> _Task directions_: In the listing below, locate the line that contains "An ultraplush slipper" and the line that contains "在实操环节,大家围坐一堂,从". Restate word for word those two lines and every line between them, and nothing else.

> _Data to use_:

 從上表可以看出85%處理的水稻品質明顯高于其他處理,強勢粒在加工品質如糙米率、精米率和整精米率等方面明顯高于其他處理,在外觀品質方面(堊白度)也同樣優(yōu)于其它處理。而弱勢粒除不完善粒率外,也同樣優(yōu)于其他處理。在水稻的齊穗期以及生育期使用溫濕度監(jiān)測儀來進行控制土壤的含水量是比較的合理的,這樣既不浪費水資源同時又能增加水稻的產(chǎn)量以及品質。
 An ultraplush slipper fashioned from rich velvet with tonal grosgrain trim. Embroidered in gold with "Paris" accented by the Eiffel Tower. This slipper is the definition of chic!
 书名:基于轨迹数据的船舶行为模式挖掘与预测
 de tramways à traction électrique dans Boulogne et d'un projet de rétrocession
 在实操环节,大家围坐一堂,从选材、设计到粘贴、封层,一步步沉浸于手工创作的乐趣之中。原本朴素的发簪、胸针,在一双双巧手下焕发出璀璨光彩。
---
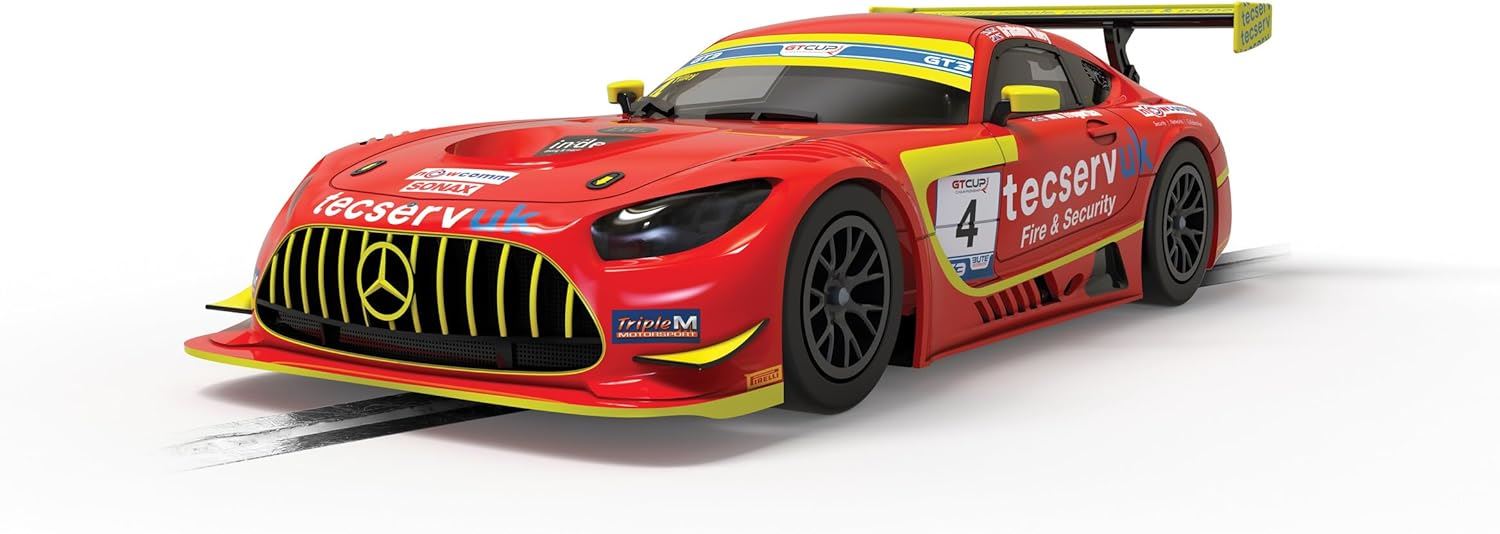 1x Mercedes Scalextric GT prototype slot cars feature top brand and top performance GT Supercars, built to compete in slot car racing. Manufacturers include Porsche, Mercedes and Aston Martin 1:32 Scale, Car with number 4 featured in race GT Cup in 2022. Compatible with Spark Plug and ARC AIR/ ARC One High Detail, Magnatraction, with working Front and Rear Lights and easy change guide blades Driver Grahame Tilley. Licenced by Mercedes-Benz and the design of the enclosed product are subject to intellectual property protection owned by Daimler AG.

> _Written solution_:
 An ultraplush slipper fashioned from rich velvet with tonal grosgrain trim. Embroidered in gold with "Paris" accented by the Eiffel Tower. This slipper is the definition of chic!
 书名:基于轨迹数据的船舶行为模式挖掘与预测
 de tramways à traction électrique dans Boulogne et d'un projet de rétrocession
 在实操环节,大家围坐一堂,从选材、设计到粘贴、封层,一步步沉浸于手工创作的乐趣之中。原本朴素的发簪、胸针,在一双双巧手下焕发出璀璨光彩。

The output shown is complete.